Data excerpt -
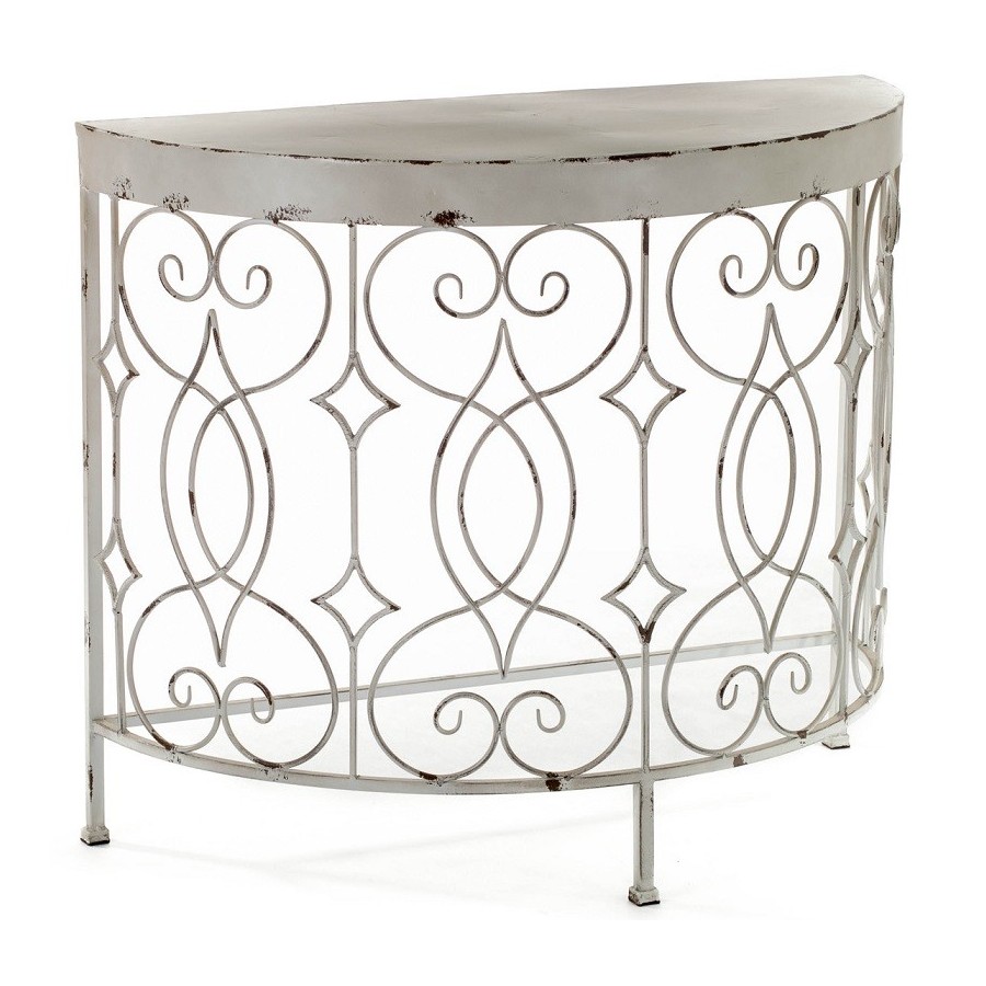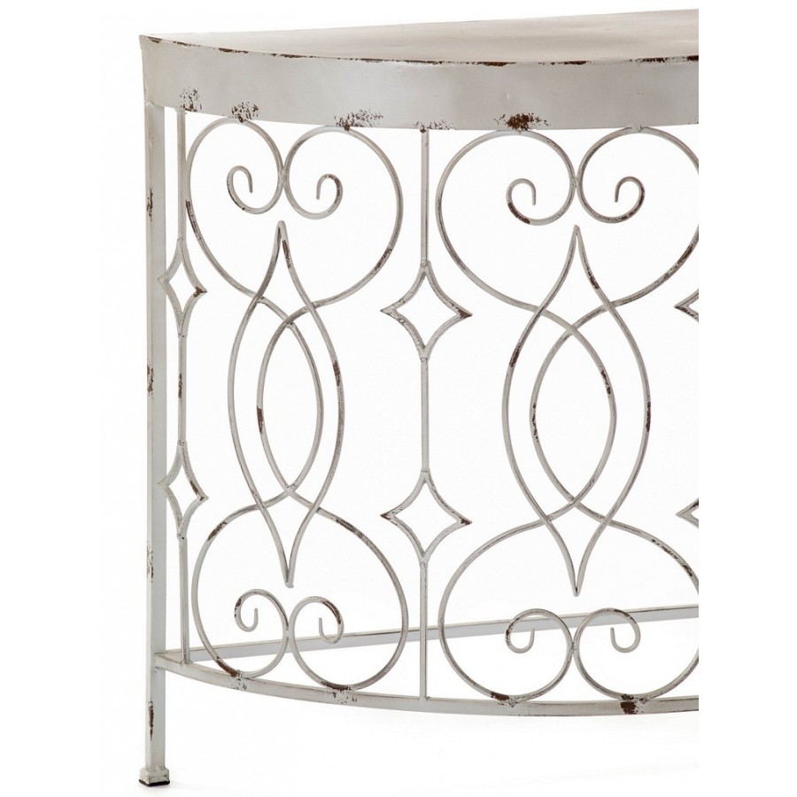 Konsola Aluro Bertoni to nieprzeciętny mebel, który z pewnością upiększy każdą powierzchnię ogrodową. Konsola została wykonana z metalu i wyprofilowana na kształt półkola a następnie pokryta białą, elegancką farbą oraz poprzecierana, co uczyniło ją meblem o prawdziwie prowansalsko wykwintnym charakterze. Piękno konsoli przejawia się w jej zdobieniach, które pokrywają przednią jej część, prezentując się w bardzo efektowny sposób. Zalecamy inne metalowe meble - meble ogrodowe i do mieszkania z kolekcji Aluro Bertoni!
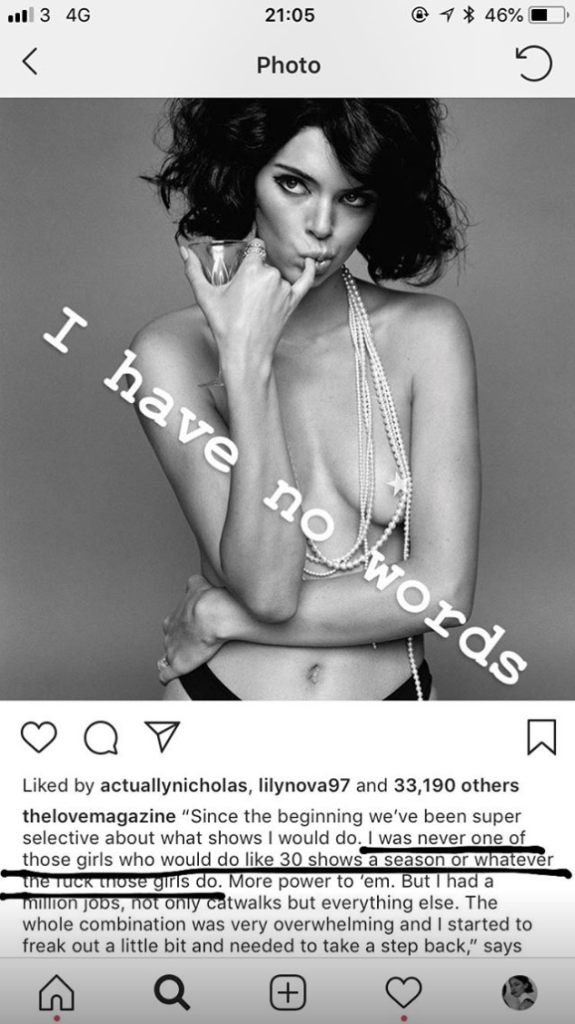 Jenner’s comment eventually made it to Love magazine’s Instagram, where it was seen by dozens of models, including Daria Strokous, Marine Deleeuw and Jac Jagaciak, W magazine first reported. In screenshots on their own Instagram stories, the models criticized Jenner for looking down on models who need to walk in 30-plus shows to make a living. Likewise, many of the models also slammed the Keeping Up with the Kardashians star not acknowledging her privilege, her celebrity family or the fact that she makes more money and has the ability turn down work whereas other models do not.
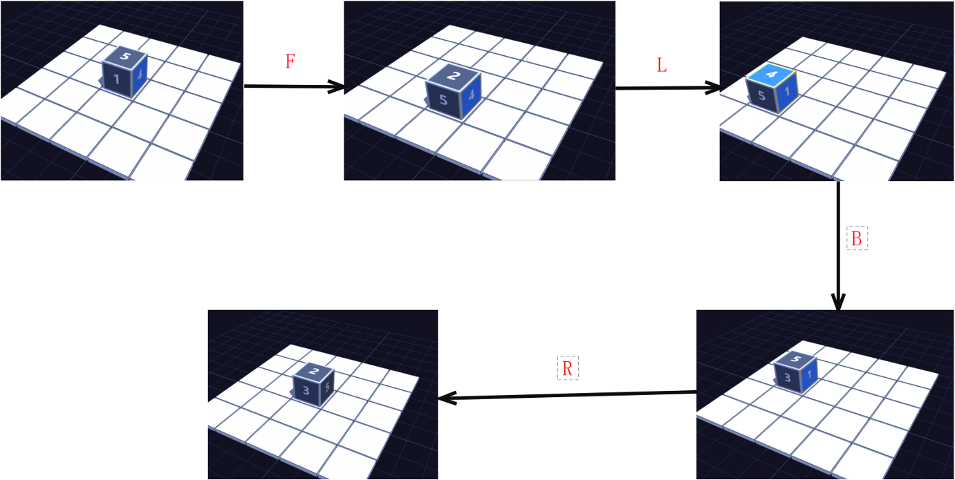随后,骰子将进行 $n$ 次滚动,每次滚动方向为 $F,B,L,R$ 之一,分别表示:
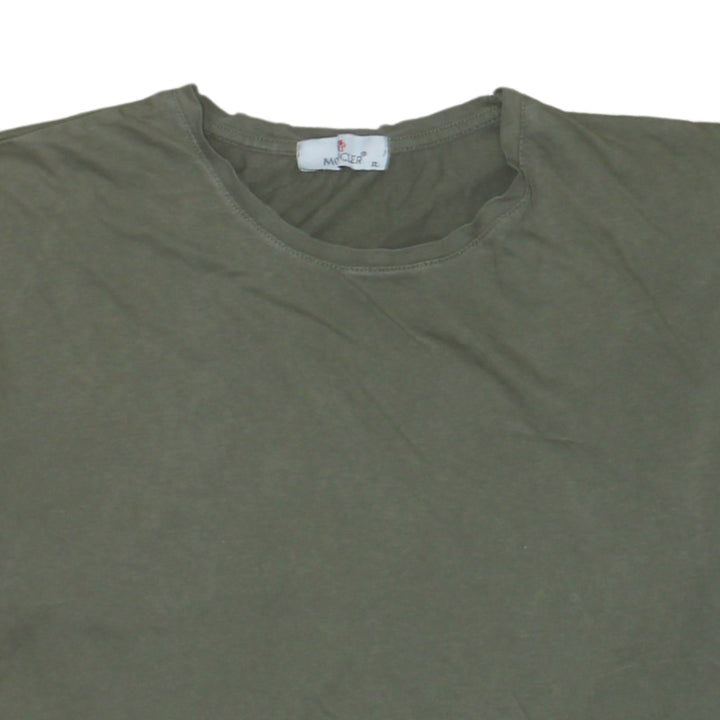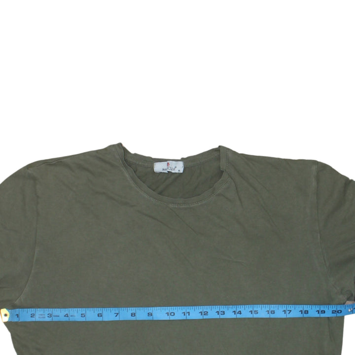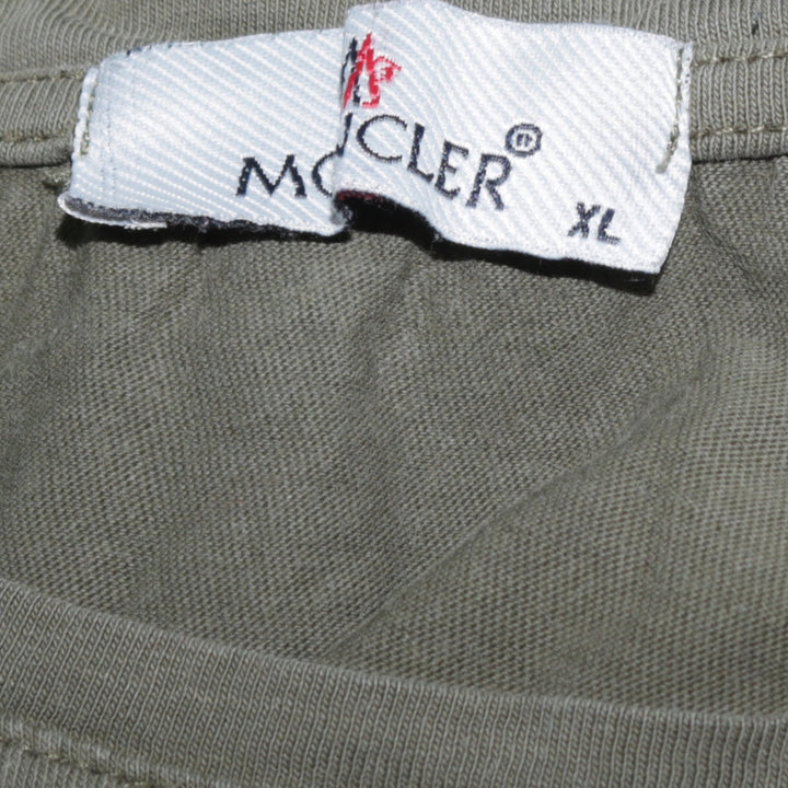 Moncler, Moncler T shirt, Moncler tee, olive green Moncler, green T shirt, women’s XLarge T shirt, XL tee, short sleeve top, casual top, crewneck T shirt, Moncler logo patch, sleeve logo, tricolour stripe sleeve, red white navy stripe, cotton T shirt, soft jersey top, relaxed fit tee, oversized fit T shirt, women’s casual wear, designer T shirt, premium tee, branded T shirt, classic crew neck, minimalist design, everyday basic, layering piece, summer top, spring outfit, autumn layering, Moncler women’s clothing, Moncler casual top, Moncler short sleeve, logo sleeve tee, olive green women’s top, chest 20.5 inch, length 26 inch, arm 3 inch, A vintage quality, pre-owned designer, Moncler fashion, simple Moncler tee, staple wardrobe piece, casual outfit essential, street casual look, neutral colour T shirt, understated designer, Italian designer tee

The problem - Repeat the whole of the material above exactly, but keep the pictures out.

Solved problem -
 Konsola Aluro Bertoni to nieprzeciętny mebel, który z pewnością upiększy każdą powierzchnię ogrodową. Konsola została wykonana z metalu i wyprofilowana na kształt półkola a następnie pokryta białą, elegancką farbą oraz poprzecierana, co uczyniło ją meblem o prawdziwie prowansalsko wykwintnym charakterze. Piękno konsoli przejawia się w jej zdobieniach, które pokrywają przednią jej część, prezentując się w bardzo efektowny sposób. Zalecamy inne metalowe meble - meble ogrodowe i do mieszkania z kolekcji Aluro Bertoni!
 Jenner’s comment eventually made it to Love magazine’s Instagram, where it was seen by dozens of models, including Daria Strokous, Marine Deleeuw and Jac Jagaciak, W magazine first reported. In screenshots on their own Instagram stories, the models criticized Jenner for looking down on models who need to walk in 30-plus shows to make a living. Likewise, many of the models also slammed the Keeping Up with the Kardashians star not acknowledging her privilege, her celebrity family or the fact that she makes more money and has the ability turn down work whereas other models do not.
随后,骰子将进行 $n$ 次滚动,每次滚动方向为 $F,B,L,R$ 之一,分别表示:
 Moncler, Moncler T shirt, Moncler tee, olive green Moncler, green T shirt, women’s XLarge T shirt, XL tee, short sleeve top, casual top, crewneck T shirt, Moncler logo patch, sleeve logo, tricolour stripe sleeve, red white navy stripe, cotton T shirt, soft jersey top, relaxed fit tee, oversized fit T shirt, women’s casual wear, designer T shirt, premium tee, branded T shirt, classic crew neck, minimalist design, everyday basic, layering piece, summer top, spring outfit, autumn layering, Moncler women’s clothing, Moncler casual top, Moncler short sleeve, logo sleeve tee, olive green women’s top, chest 20.5 inch, length 26 inch, arm 3 inch, A vintage quality, pre-owned designer, Moncler fashion, simple Moncler tee, staple wardrobe piece, casual outfit essential, street casual look, neutral colour T shirt, understated designer, Italian designer tee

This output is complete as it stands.